Le manifestazioni di StandUpX si tengono ogni sabato in diversi centri urbani del Paese, ma le più partecipate sono quelle di Londra e Birmingham, dove si riscontra un maggior tasso di violenza e frequenti scontri con le forze di sicurezza.

Figura 4, locandina del movimento StandUpX

L’infiltrazione sistemica di gruppi terroristici ispirati ad ideologie eversive tra i membri dei movimenti negazionisti del Covid-19 europei ha incrementato nel 2020 la minaccia posta dalle manifestazioni violente del dissenso. I movimenti negazionisti del Covid-19 hanno mostrato ampia la permeabilità alle ideologie eversive di gruppi di estrema destra e gruppi anarco-insurrezionalisti. Le teorie anti-sistema di stampo cospirazionista di tali movimenti hanno rappresentato un fertile terreno per la diffusione di ideologie eversive, suprematiste, identitarie ed eco-anarchiche.

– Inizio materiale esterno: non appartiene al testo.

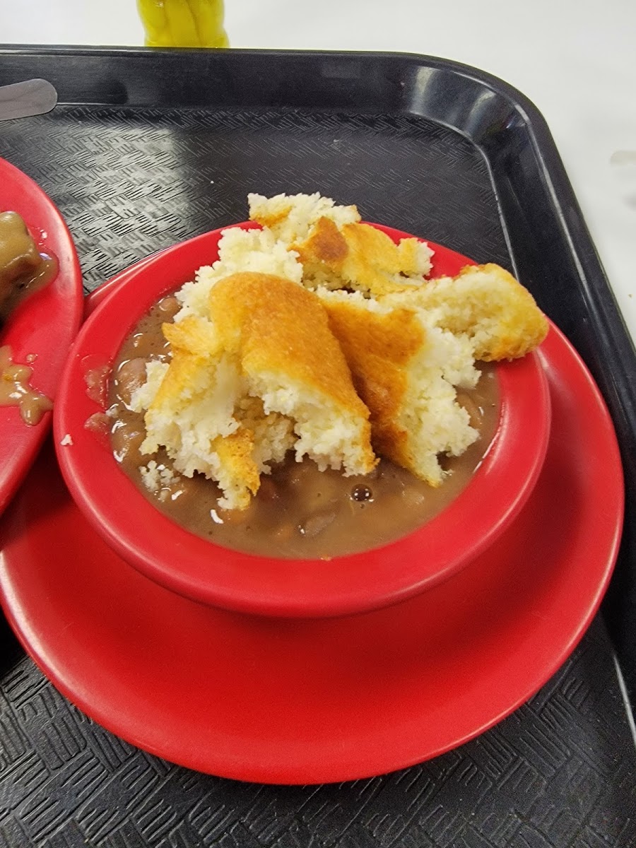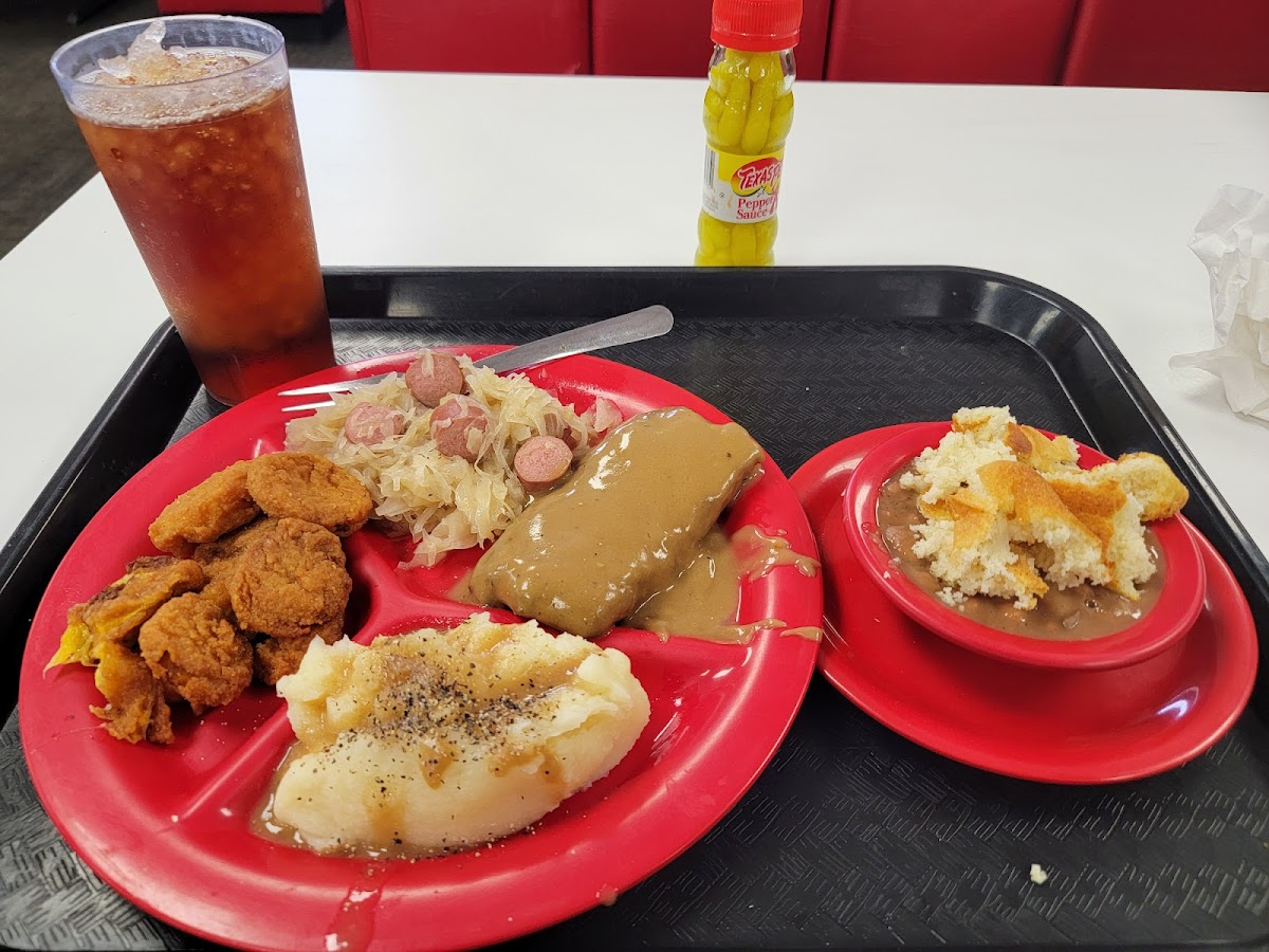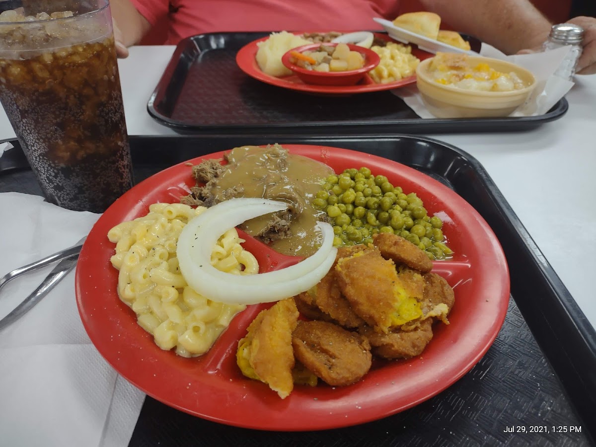 TRUCK Parking in back. Take the side street past the store. Wife and I had the Fried Chicken. We got here at 2pm on a Monday 30 min before they closed-- they didn't make is feel rushed. We both had Fried chicken breasts Fried ocra, deviled eggs, Cole slaw, potato salad, corn bread, iced tea, peach cobbler, mashed potatoes gravy. Could barely walk out.... total was 16.73. Cafeteria style. Love it.

Le commistioni ideologiche rilevate sono frequentemente coincise con un incremento del tasso di violenza delle manifestazioni indette dai movimenti negazionisti. 

Nel corso del 2021, verosimilmente, le proteste dei movimenti negazionisti proseguiranno a partire dalle manifestazioni previste il 15 maggio nell’ambito della giornata denominata ‘Worldwide rally for freedom 2.0’. Inoltre, un’ulteriore minaccia è posta dal possibile incremento di azioni violente ispirate dalle ideologie cardine di questi gruppi: dal mese di marzo 2021 sono state registrate almeno 4 azioni ai danni di hub vaccinali e centri per i test Covid-19. Il 2 marzo 2021, ad Amsterdam, un ordigno esplosivo improvvisato ha danneggiato un centro per test Covid-19. Il 6 aprile 2021 un hub per test Covid-19 di Berlino è stato colpito da un attacco incendiario realizzato tramite delle molotov. In Italia, l’Istituto Superiore di Sanità (13 marzo 2021) ed un hub vaccinale di Brescia (3 aprile 2021) sono stati oggetto di azioni incendiarie ed entrambe le azioni sono apparse riconducibili ad ambienti anarco-insurrezionalisti. Pertanto, nel breve e medio termine non è possibile escludere che i gruppi terroristici eversivi possano capitalizzare il consenso riscosso tra i movimenti negazionisti del Covid-19 compiendo nuove azioni violente e atti vandalici contro target sensibili quali hub vaccinali, centri per i test Covid-19 ed asset governativi.